New York, June 8 (IANS) Mammals began flourishing long before the mass extinction that ended the age of the dinosaurs 66 million years ago, says new research, which is contrary to the prevailing notion that the mammal evolution was curbed by the success of the land-based reptiles.
Therian mammals -- those that give birth to live young without using a shelled egg -- actually began their massive diversification ten to twenty million years before the extinction that ended the age of the dinosaurs, the researchers said.
The findings showed that the mammals that lived during the years leading up to the dinosaurs' demise had widely varied tooth shapes, meaning that they had widely varied diets.
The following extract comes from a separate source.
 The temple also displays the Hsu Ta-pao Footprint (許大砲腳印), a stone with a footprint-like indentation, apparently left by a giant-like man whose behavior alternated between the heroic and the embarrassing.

This study shows that therian mammals, the ancestors of most modern mammals, were already diversifying before the dinosaurs died out," said lead author David Grossnickle, doctoral candidate at the University of Chicago.
Also mammals had developed a wide range of diets and ecological roles about 10 to 20 million years before the dinosaurs were wiped out.
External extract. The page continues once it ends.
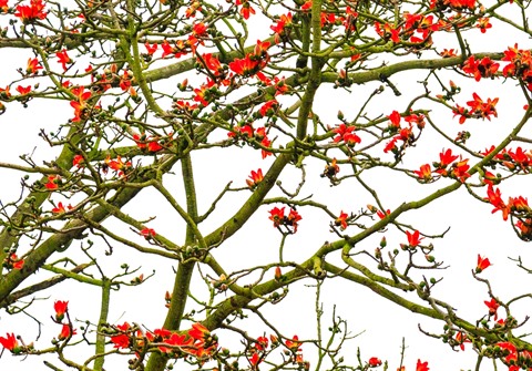 | Au 3e mois lunaire, l’arbre commence à donner des fleurs rouges caractéristiques. |

For the study, the team analysed the molars of hundreds of early mammal specimens from the Field Museum of Natural History in Chicago.
The early therians were probably insect-eating small creatures like small rodents or shrews, but right before the [mass extinction] there is definitely evidence that there are some plant-eating therian mammals and some more carnivorous therian mammals, Grossnickle added in the journal Proceedings of the Royal Society B.
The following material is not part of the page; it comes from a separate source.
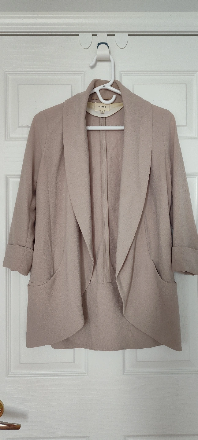 Lightweight blazer. Open front. Three-quarter sleeves. Neutral colour. Great for layering. Check out my other listing. There may be something else you're also interested.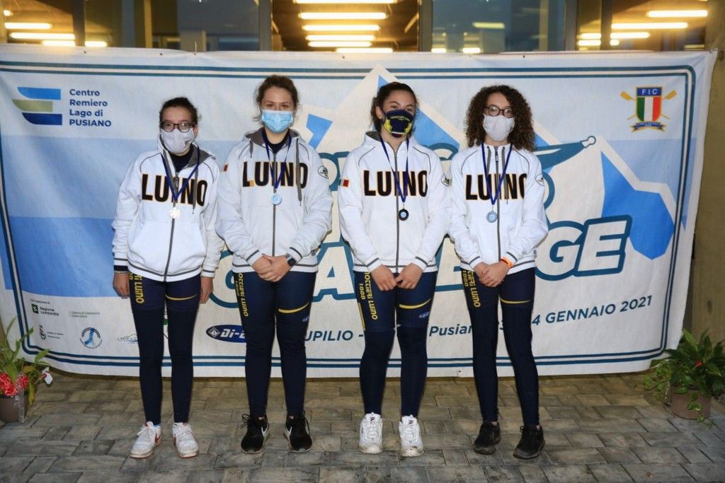 La Canottieri Luino schiera il 4 di coppia Cadette, formato da Emma e Arianna Tosi, Giorgia Melis e Aurora Morandi, e non tradisce le attese. Il tempo finale di 25’56’’ consente alle vogatrici gialloblu di piazzarsi al secondo posto dietro soltanto il quotato armo della Canottieri Moltrasio misto Tremezzina.

This increase in diversity could be linked to large evolutionary changes among flowering plants that took place during a similar period.
Flowering plants might have offered new seeds and fruits for the mammals. And if the plants co-evolved with new insects to pollinate them, the insects could have also been a food source for early mammals, the researchers pointed out.
Further, the results showed that early mammals were hit by a selective extinction at the same time the dinosaurs died out -- generalists that could live off of a wide variety of foods seemed more apt to survive, but many mammals with specialised diets went extinct.
"The types of survivors that made it across the mass extinction 66 million years ago, mostly generalists, might be indicative of what will survive in the next hundred years, the next thousand," Grossnickle noted.